The first few trading days of 2016 have seen volatility return to the stock market. The recent downturn has been attributed primarily to fears of a slowdown in the Chinese economy and a continuing slide in the energy (oil and gas) sector. Short-term traders are making bets on the impacts that these and other events may have on the global economy, and this is spiking volatility in stocks around the world.

It is vitally important, however, that long-term investors not get caught up in this short-term trading mentality. The concerns about the Chinese economy and sliding oil prices are not new; the market grappled with them for much of last year. Moreover, downturns of this magnitude - whatever the reason - are not as unusual.

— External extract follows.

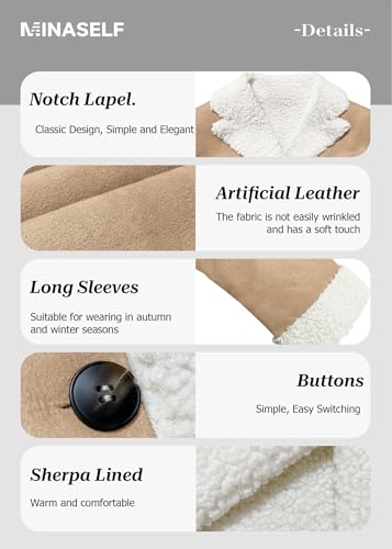 More information about Mina Self 2025 Winter Women's Faux Suede Jacket Coat - Sherpa Lined Fur Leather Warm Thick Shearling Fleece Fuzzy Outerwear

In fact, pullbacks of 5% or more typically occur several times per year in the market. Source: JP Morgan Asset Management 

Furthermore, as illustrated in the chart below, there have been numerous major pullbacks during the past five years - even as the S&P 500 nearly doubled in value.    Source: JP Morgan Asset Management 

During each one of these pullbacks, the causes attributed to them were often presented as dire by the financial media. Yet in hindsight we can hardly remember the source of concern.

Pullbacks such as these may tempt investors to flee stocks, but history shows that attempting to time the market actually increases risk for an investor versus staying the course and riding out the volatility. It is important to remember, then, that diversification and a long-term perspective are the keys to riding out volatile times in the market.